Two days later we headed north to Queensland's Hamilton Island for our honeymoon. Back in June 1770, Captain James Cook sailed through the Whitsunday Passage, passing by Hamilton Island.
Covering an area of 750 hectares, Hamilton Island has spectacular sunsets, beautiful butterflies, cute marine turtles, delicious but expensive food and plenty of swimming pools. There's no Olympic complexes on the island but there's every other shape and size of pool. There's huge, meandering, resort pools, stylish and shapely infinity pools, tiny, private plunge pools, straight, long, lap pools and curvaceous, flamboyant designer pools.

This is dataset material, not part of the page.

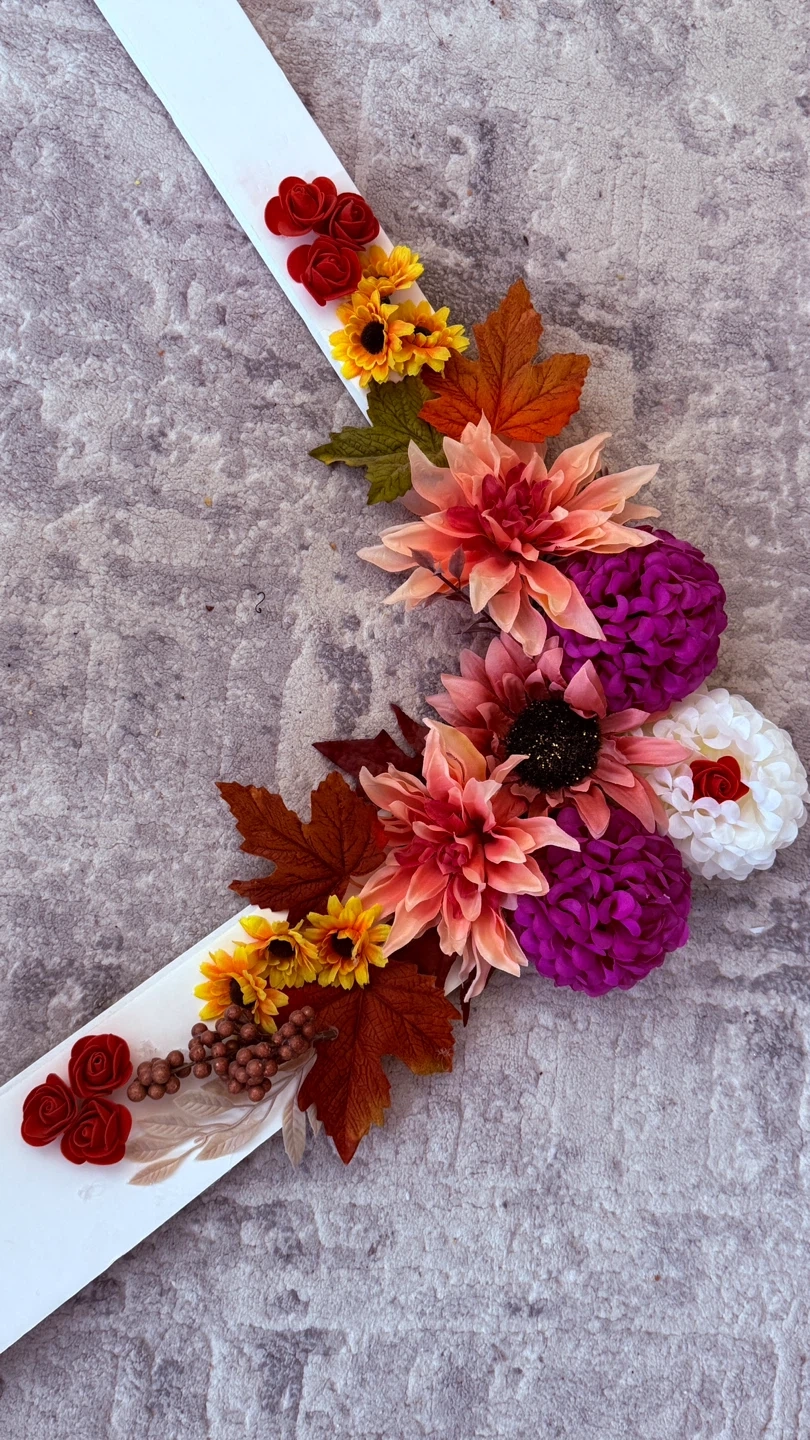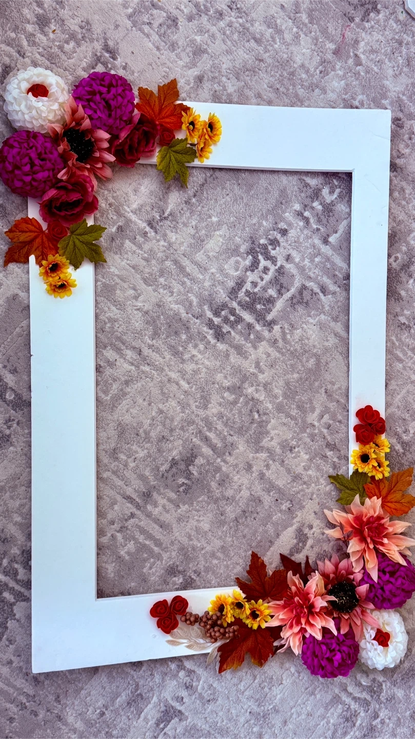 Here's a cute white picture booth frame decorated with colourful flowers and leaves! It's perfect for adding a touch of charm to any room or any occasion.

The pool at the Beach Club where we stayed was a lovely 25-metre infinity pool overlooking Catseye Beach. At our very leisurely breakfasts on the terrace each morning, colourful catamarans would sail passed the glistening turquiose water in the pool. As well as being great for a float around and relax, the pool was a good length to swim laps. It even had a black line along the bottom of the pool, which kept me on the straight and narrow. Built around 2002, the deepest part of the pool is 2.4 metres, which levels out to 1.2 metres in the shallow end. If you lie low, the water in the pool and in Catseye Beach join up.
All the other resorts on the island have pools but the one that really caught our eye was at the newly-built Yacht Club Villas, next door to the Hamilton Island Yacht Club. This very curvy almost voluptuous pool stretches along the water's edge in front of the development's Jamie Durie-designed garden. At sunset it looked especially alluring with the fading light in the sky bathing the water in a pink glow.
The next-door Yacht Club, which was opened in 2009, includes a narrow 30-metre lap pool which sits underneath the wings of the Walter Barda-designed building. Dubbed the Opera House of the Barrier Reef, the Yacht Club is the baby of businessman and sailor Bob Oatley, the owner of the island. Whatever you think of the design, the club's top terrace was a very romantic spot to sip on champagne and watch the changing colours and shapes of the sky and sea at sunset.